Avec la technologie moderne, la théorie de la relativité a été remise en question à maintes reprises. Chaque année, un nouveau scientifique en dehors de l’académie occidentale privée d’oxygène et politisée, comme en Inde ou en Russie, fournit des clés mathématiques ou même de bon sens (comme la masse et l’énergie étant interchangeables) dans la machine de la relativité, du moins telle qu’Einstein l’a proposée. En 2011, le très respecté CERN a fait des vagues dans les médias en semblant réfuter les arguments de base attribués à Einstein lorsque les neutrinos tournaient plus vite que la lumière lors d’une expérience de haute technologie.

Après les protestations et la consternation de certains gardiens dans les milieux universitaires et les médias, le CERN a affirmé qu’un câble de sa machine était desserré et que les résultats précédents n’avaient pas été recréés après ajustement. Bien que cet incident ne prouve pas à lui seul qu’il s’agit d’une tentative de protéger l’héritage d’Einstein, la crainte de la communauté scientifique de perdre des subventions dans le domaine de la recherche en physique, qui manque de ressources, en faisant des découvertes qui ne plaisent pas aux décideurs financiers et politiques, ne doit pas non plus être écartée.

Aujourd’hui, la réputation d’Albert Einstein comme l’homme le plus intelligent qui ait jamais vécu est renforcée par un nombre apparemment infini de livres, d’émissions de télévision et de films célébrant sa vie et ses prétendues réalisations – bien plus que tout autre scientifique de l’histoire. Les Juifs excellent en physique sur le papier, mais ce sont les opposants scientifiques du Troisième Reich, orientés vers le « bon sens » d’Einstein, qui ont été les premiers à développer la technologie des fusées qui nous a permis d’atteindre l’espace.

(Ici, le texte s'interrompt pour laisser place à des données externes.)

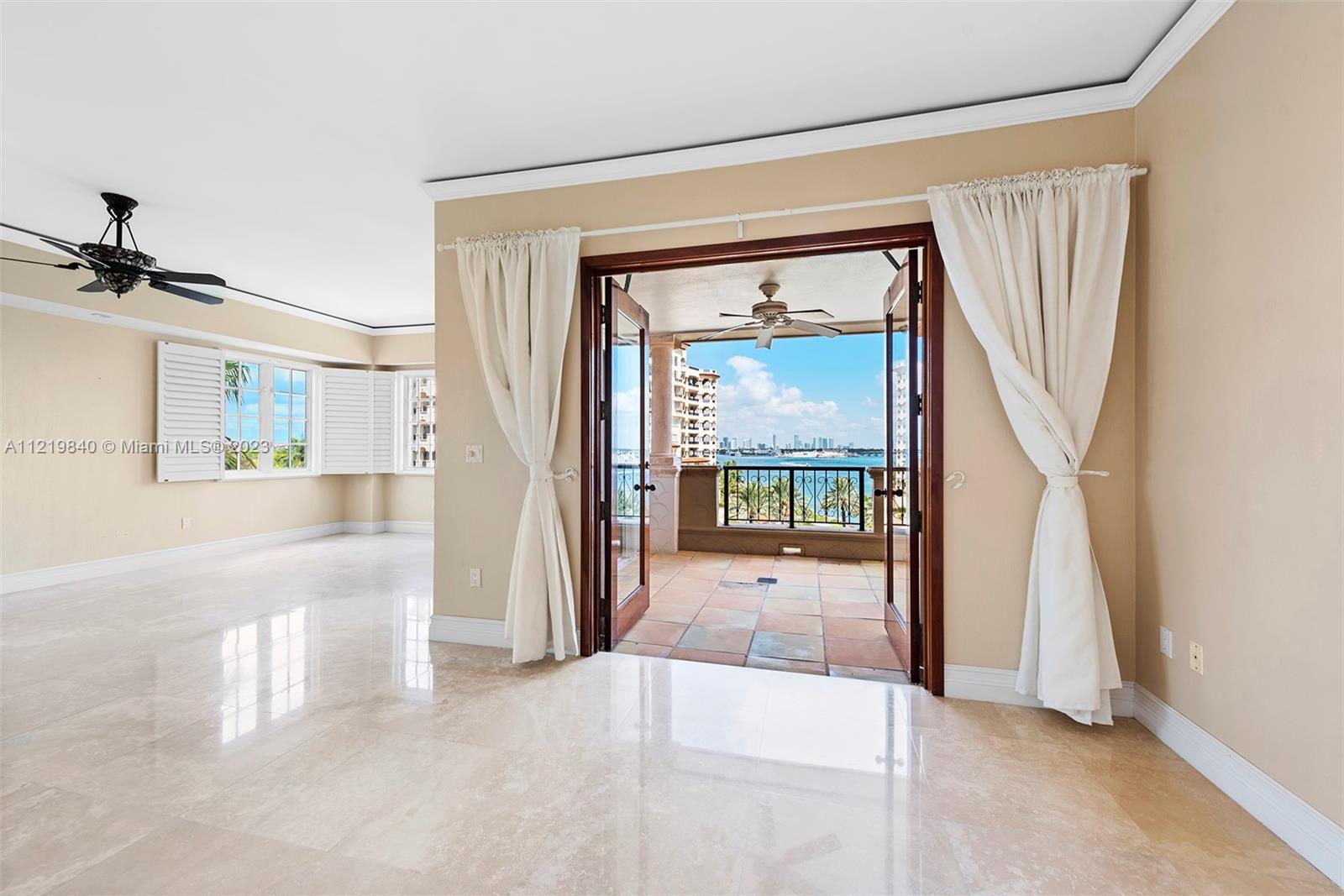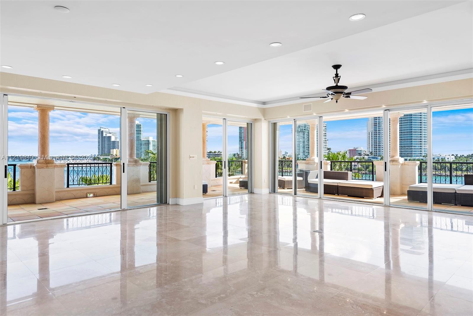 Experience Fisher Island living in this stunning oceanside unit located in Villa del Mare! Features include expansive wrap around terraces with unobstructed 180 degrees of beautiful views of the ocean, Miami Beach and Government Cut from a 5th floor. This pristine 3 Bedroom, 3.5 Bath residence encompasses 3,140 sq ft interior, marble floors throughout, custom bar, top of the line appliances, private terrace in the master bedroom and guest bedroom and many more features. Easy to show!
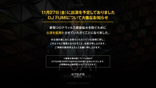 11/27(金)に出演を予定しておりましたDJ FUMIについて大事なお知らせ
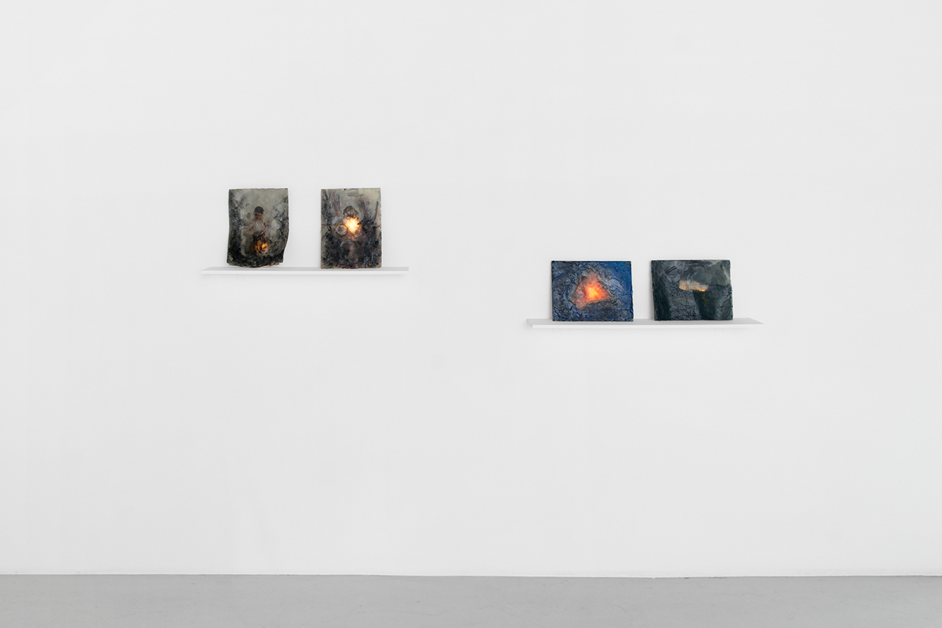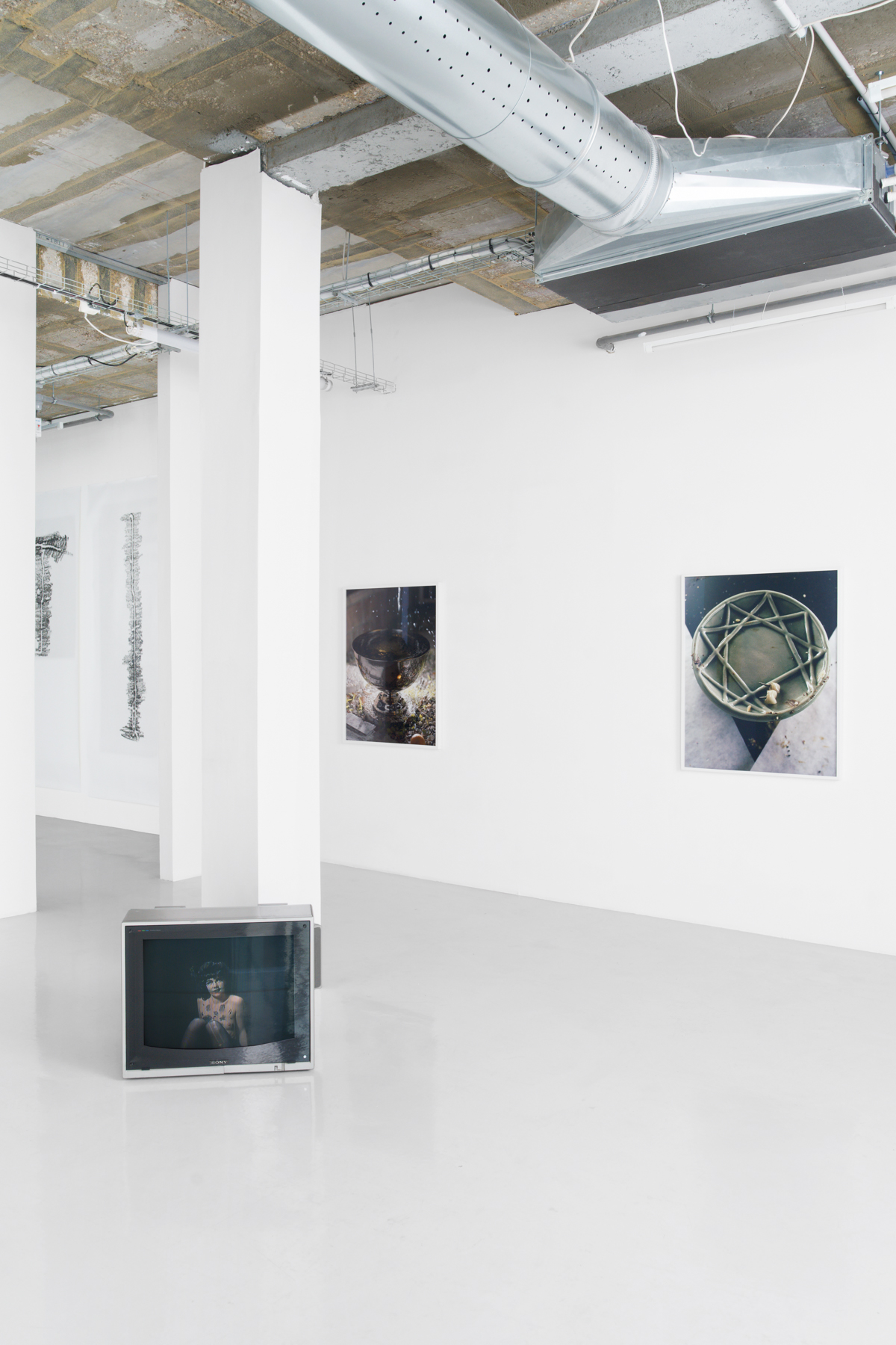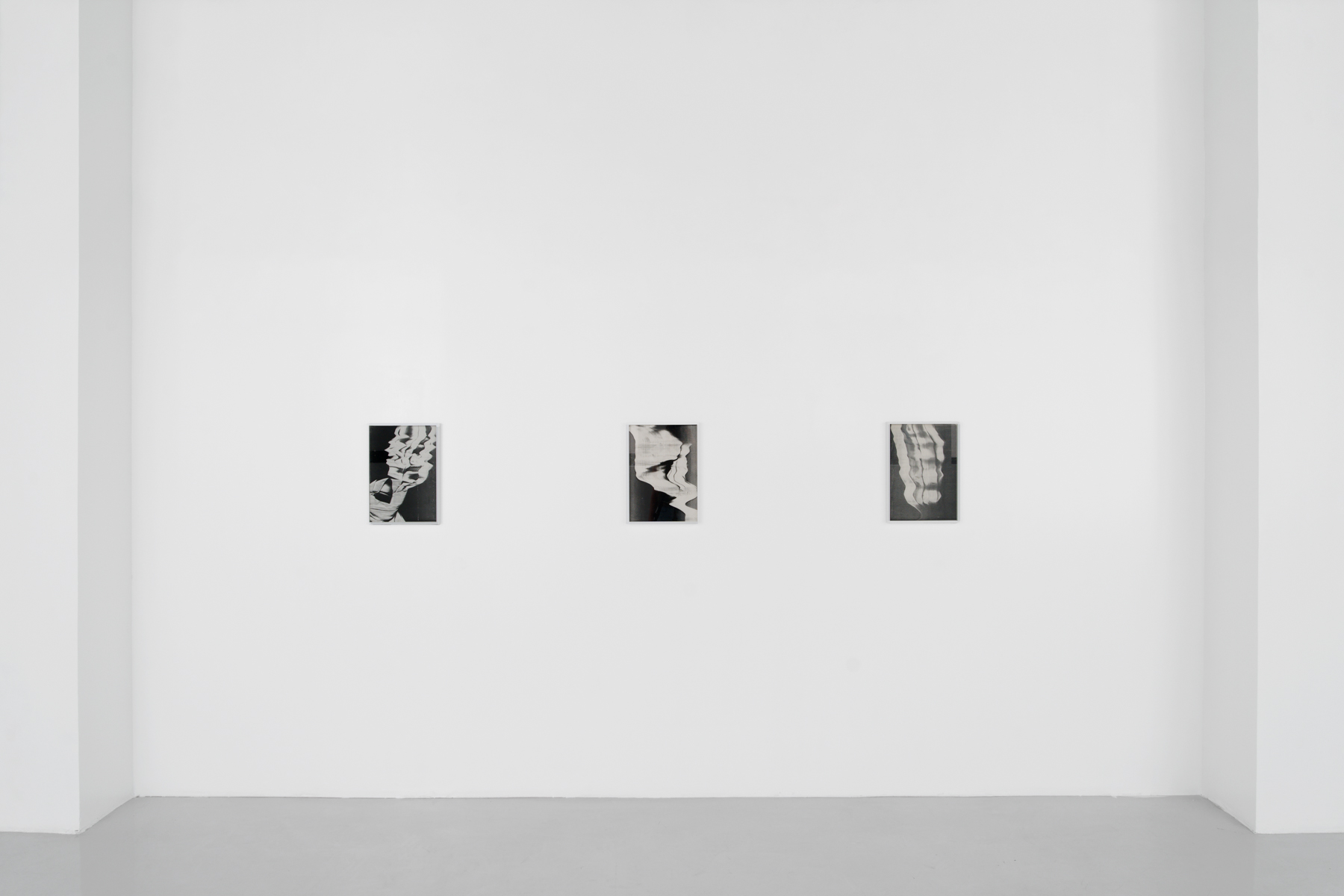 In a disturbing play with scale, Tom Allen’s Polished Shell appears oversized, dwarfing the landscape behind it and evoking an alien-like creature. Similarly, Trisha Donnelly’s blown-out tracings of the cracks left by a termite suggest the hidden presence of much bigger parasite. Brice Dellsperger’s pastiche of Brian de Palma’s The Black Dahlia in Body Double 23 collapses notions of identity and fiction through glitches, refracting reality. Pati Hill’s Xerographs and Bruno Pelassy’s drawings on wax exude a spectral quality, gesturing towards the ghostly imprints of past lives. Ingrid Luche’s 060919-1510 Forest Knoll films the exterior of an empty house with the cold, mechanical gaze of surveillance, turning absence into a main character. Finally, Torbjørn Rødland disturbs seemingly pristine, magazine-ready images by inserting situations of discomfort and ambiguous intent.

Bien que cet auteur ne soit pas dans son élément lorsqu’il s’agit des rouages de la relativité, on peut se demander si l’approche similaire d’Einstein envers la physique n’a pas plutôt été une règle arbitraire retardatrice ; les scientifiques sont poussés à travailler dans les limites de l’accomplissement révolutionnaire que l’on attend d’eux, plutôt que de le considérer comme allant de soi. Ce prétendu « consensus » serait-il toujours le cas si l’Allemagne avait gagné la Seconde Guerre mondiale et si la science était libérée de la pression juive descendante de gens comme Bret Stephens ?

On suppose généralement que les sciences dures sont libres de toute idéologie politique, mais la remise en question du mythe d’Einstein provoque la même réaction institutionnelle que celle de James Watson affirmant la biologie de la race (en dehors du contexte de supériorité juive que Bret Stephens et le New York Times ont jugé approprié). Nous sommes convaincus que les juifs sont nos maîtres uniquement parce que la célébration des réalisations collectives d’Européens beaucoup plus accomplis est interdite par l’establishment.

L’éclat du plagiaire Einstein incarne la nature des prétentions condescendantes plus larges de Stephens sur l’excellence juive née pour régner : il peut ressembler à un diamant, mais il est synthétique comme une zircone cubique.